2.5 T palm oil
4 T granulated sugar
1 T honey
⅓ C applesauce
¼ t vanilla extract
¼ C water
¾ C sorghum flour
¼ C tapioca starch
2 t baking powder
½ t sea salt
2 T Enjoy Life Sugar Crisp Cookie crumbs (about 2 cookies)
2 T Tapioca Egg (recipe below)
½ t apple cider vinegar
⅛ t baking soda
¼ C blueberries (add more if you wish)
4-6 Enjoy Life Crunchy Vanilla Honey Graham or Sugar Crisp Cookies, crumbed
Tapioca Egg ingredients:
1 T tapioca starch
1 C cold water
In a small saucepan combine the tapioca and the cold water. Turn on the heat to medium and whisk the mixture even though no change is visible. Continue whisking as the mixture starts to gel and turn translucent. Whisk up until the point the mixture just begins to simmer and remove from the heat. Pour into a container and allow to cool. Once cool the mixture may be refrigerated.

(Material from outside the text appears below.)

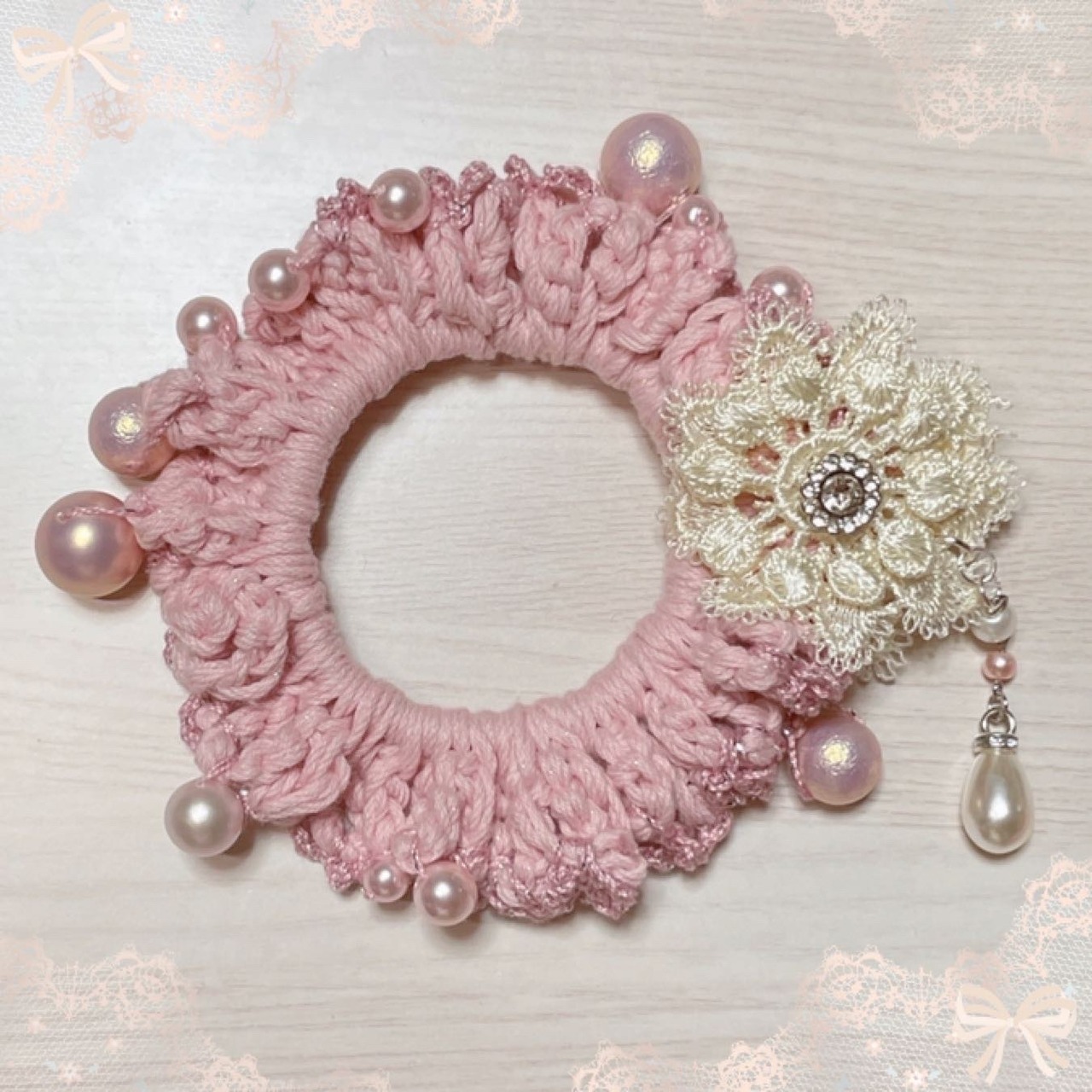 ベビーピンクのラメコットン糸をヘアゴムに編みつけてから、更にラメピンクのレース糸に色々な大きさや質感のピンクのパールを通して編みつけてみました(୨୧ᵕ̤ᴗᵕ̤)

Makes approximately 16 T of Tapioca Egg. May be stored for 1 day.
Preheat oven to 375F.
Combine sorghum, tapioca, baking powder, and sea salt and mix until combined. Whisk together the palm oil and the sugar. Add in honey and whisk until incorporated. Whisk in apple sauce, vanilla, and water.
Add in the sorghum, tapioca, baking powder and sea salt to the palm oil/sugar/apple sauce/vanilla/water mixture and stir until well combined. Fold in the cookie crumbs.
Whisk in Tapioca Egg. Once incorporated, add in apple cider vinegar. Fold in baking soda, followed by blueberries.
Scoop into prepared pans. Bake in oven for 20 minutes, or until firm to the touch. Allow to cool and eat immediately, or freeze and rewarm as needed.